Ich mag Daniel Craig als James Bond sehr gern. Er sieht nicht nur wesentlich besser aus als einige seiner Vorgänger, sondern passt auch besser in meine Vorstellung von James Bond. Besonderes gut gefallen haben mir auch Ralph Fiennes und Andrew Scott. Das sind beides geniale Schauspieler. Andrew Scott könnte ich mir in keiner anderen Rolle vorstellen, als in der des Bösewichtes.
Ralph Fiennes hat als „M“ geglänzt wie immer. Er ist ein genialer Schauspieler und ich sehe ihn sehr gerne in Filmen. Sein Mienenspiel ist etwas ganz besonderes.

Auch das eigentliche Bond-Girl, Léa Seydoux, ist fantastisch. Ich habe erst ein paar Wochen vor James Bond einen anderen Film mit ihr gesehen und musste zwei Mal hinsehen, ob sie tatsächlich die neue Frau an der Seite von James Bond ist. In meinen Augen ist sie eine fantastische Schauspielerin, die es schafft, mir die Gefühle der Figur zu vermitteln. Sie ging in der Rolle auf und ich hatte viel Spaß ihr dabei zuzusehen.

Trotz der tollen Schauspieler hat der Film seine Längen. Die Verfolgungsjagden erschienen mir teilweise etwas zu lang. Das Gute dabei ist, man sieht immer noch etwas von der Landschaft, aber deswegen schaue ich mir keinen Bond-Film an.
Auch erschien mir das Ende etwas seltsam. Ich möchte jetzt nicht Spoilern, aber irgendwie war das tatsächlich fast schon kitschig und das hat mich ehrlich gesagt schockiert.
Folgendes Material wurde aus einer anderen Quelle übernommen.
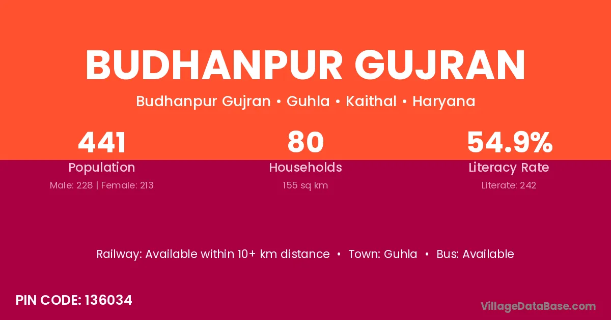 Budhanpur Gujran village has a total population of 441 people, of which 228 are males and 213 are females.

Das hätte ich nämlich von meinem guten James Bond niemals so erwartet und irgendwie hat es mich auch schon fast gestört. Da ging einiges viel zu glatt und zu reibungslos.

Christoph Waltz ist als Bösewicht perfekt besetzt. Seine Stimme ist sehr, sehr gruselig und ich hatte deswegen tatsächlich Gänsehaut. Den ganzen Film über habe ich mich gefragt, ob er tatsächlich so klingt, oder seine Stimme verstellt hat. Es hat auf jeden Fall einen sehr guten Effekt erzeugt!

Abschließend möchte ich zu dem Film sagen, dass er mich gut unterhalten hat, ich aber nicht sagen kann, ob ich ihn noch ein weiteres Mal sehen werde. Er hat mich etwas mit gemischten Gefühlen zurückgelassen, was aber nicht nur an dem Film, sondern auch an meinem Unwissen lag.

Wer James Bond-Filme mag, wird diesen hier wahrscheinlich auch mögen. Der Film ist durchaus unterhaltsam und spannend, allerdings auch stellenweise etwas kitschig.